The new installment focuses specifically on Charlie Watts, and features archival interviews with the late Stones drummer -- who died last year at age 80 -- as well as new commentary from his Stones bandmates Mick Jagger, Keith Richards and Ronnie Wood.
The episode looks at how Watts' low-key and humble persona helped counterbalance some of the group's more volatile personalities, while his swinging backbeat helped keep the band grooving for six decades.
A preview clip from the episode features audio of Watts sharing how he felt about audiences' over-the-top reaction to The Stones when they first achieved fame.
"I loved it.
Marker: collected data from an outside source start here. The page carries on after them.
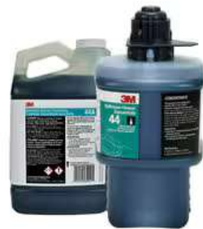
3M™ Bathroom Cleaner Concentrate 44L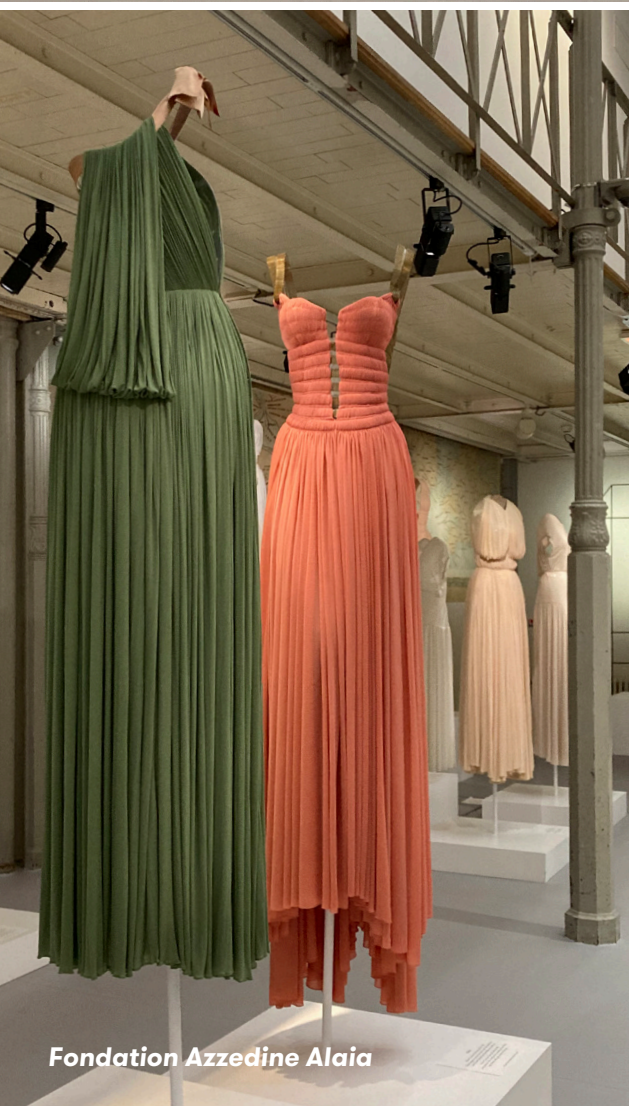
Fondation Azzedine Alaïa

Fragonard, founded in 1926. Here we have the opportunity to create our own bespoke scent before our guided tour of the museum reveals the fascinating history of perfume. Returning to the hotel the evening is at leisure. Overnight Paris (B, L)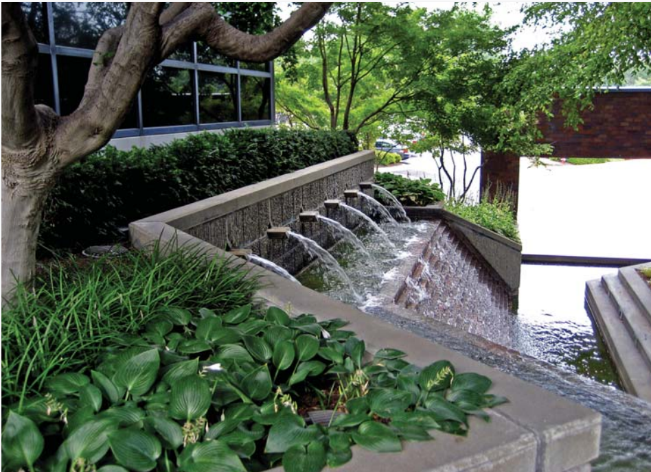
View of planter and waterfeature

Client / Developer: Lee Summis & Associates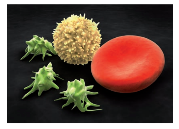
Fig. 17 Erythrocytes, Leukocytes, Thrombocytes

Azath, Acetyls-ac, Cisplat, Carbam, Chlorpr, Cortiso, Halo, Penic, Strep-p, Both, Crot-h, Lach, Phos, Rad-br, Sal-ac and Methion.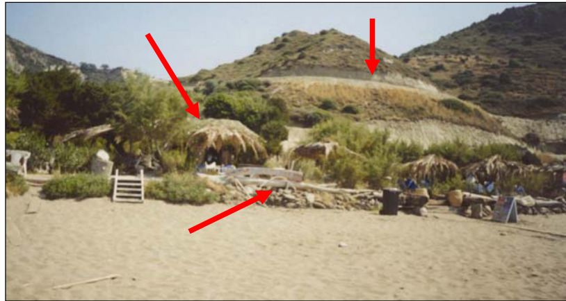
Photo 5. Daphne beach: Bar encroaches onto the nesting beach, with bulldozed road on the hill behind.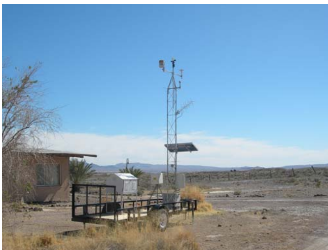
Figure 5. A CEMP mobile trailer-mounted monitoring station near Tecopa, California.

The enhancements that the CEMP has undergone over the past 7 years have resulted in the evolution of a platform that is very well suited for use as an in-field multi-environment test-bed for prototype environmental sensors and in interfacing with other scientific and educational programs. Recent and near-future collaborators have included federal, state, and local agencies in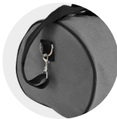
Features a removable and adjustable shoulder strap with swivel hooks.

From workouts to weekend getaways, this bag keeps you organized and on-the-go in effortless style. Constructed of water-repellent rPET polyester with a recycled neutral gray polyester lining Features a 13" exterior padded laptop pocket with zippered closure Easy-carry handles with a snap closure and removable shoulder strap Attaches to luggage with luggage sleeve for easy travel Available with vibrant full-color imprint or embroidery Minimum order quantity of six for full-color imprint; 12 for embroidery Duffel has a 1-year warranty Embroidery is not eligible for Rush Service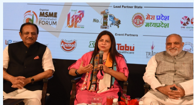
Smt. Meenakshi Lekhi, Minister of State for External Affairs and Culture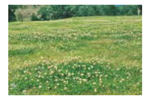
Trifolium semipilosum cv. Safari (1973) common name Kenya white clover

Clare subterranean clover is a true annual that can be sown as a legume component with rye grass for autumn through spring feed on tableland areas, where moisture is available. There is a need to use high sub-clover seeding rates (10 to14 kg per hectare) to provide quick pasture grazing.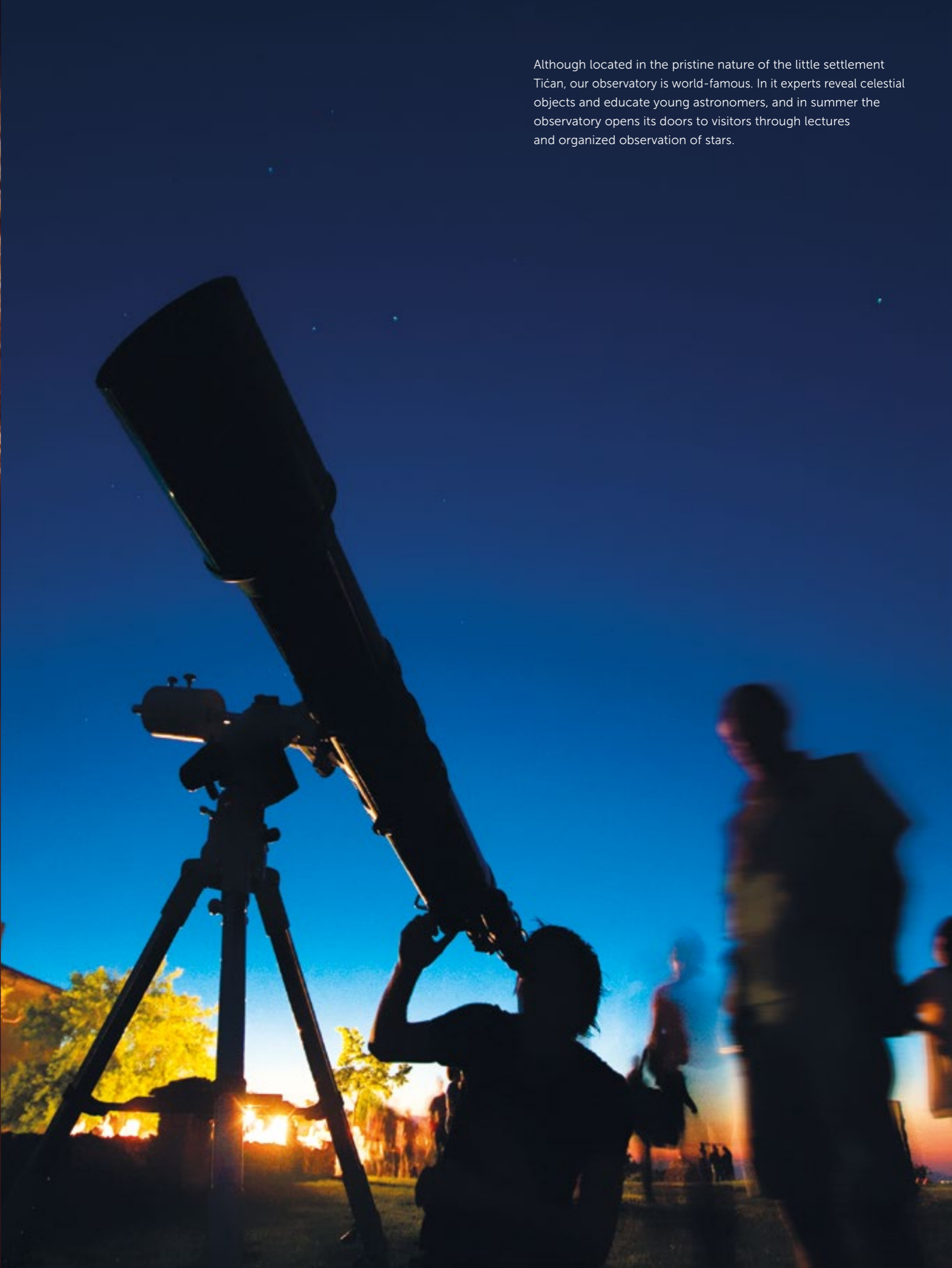
Although located in the pristine nature of the little settlement Tičan, our observatory is world-famous. In it experts reveal celestial objects and educate young astronomers, and in summer the observatory opens its doors to visitors through lectures and organized observation of stars.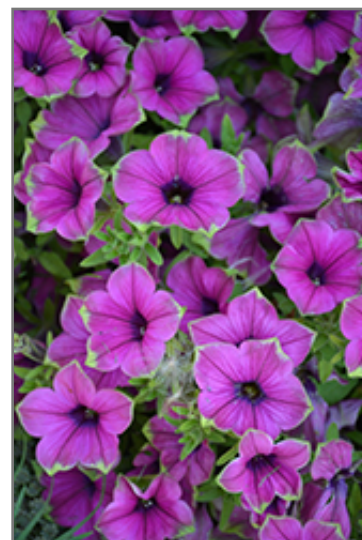
Supertunia Picasso In Purple Petunia flowers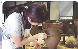
Pottery-making experience (example)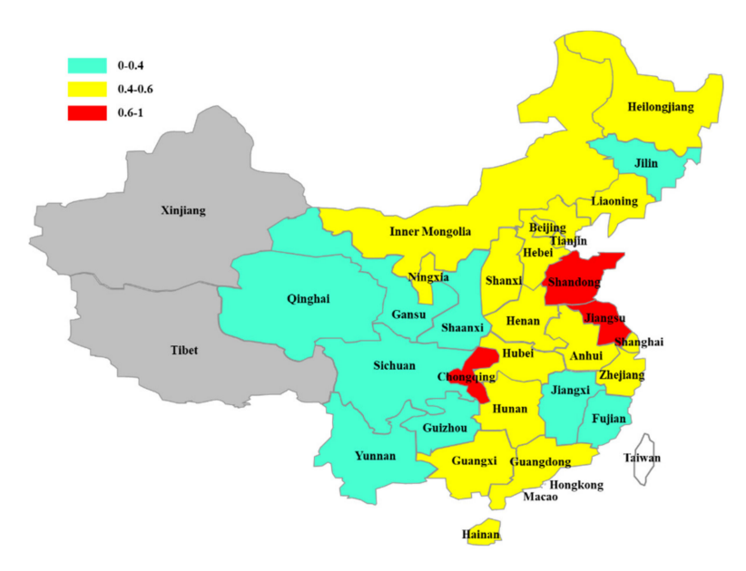
Figure 3. Urban relative poverty rate of provinces and cities in China.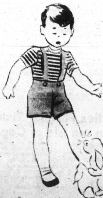
Carltona Knits 3.00

Full-cut suspender suits of durable Carltona cotton-knit which keeps its shape and washes so well! Blue or grey shorts with contrasting striped shirts... size 3-6x. Mail and phone orders accepted.

As far as the excitement and the crowd, it was fantastic," Charlie said. "And, you know, when you see a balcony in one of these beautiful old theaters in the north of England bouncing up and down, it's incredible."
Watts also noted that during the mania that followed their initial success, the band never got to play more than a few songs before a show would be halted.
"[T]he curtains would open, the whole place would go mad, and within about three songs, they'd break the whole thing up and you'd have to get off," he recalled. "Apart from going in studios, we didn't play a great deal, 'cause we actually never got through a set."
Charlie added that he could've done without the post-show attention he got from fans.
"[W]hen the music stopped, I wished I could have turned it off," he admitted. "I hated it. I hated being chased by girls and all that."
My Life as a Rolling Stone: Charlie Watts airs Sunday at 9 p.m. ET.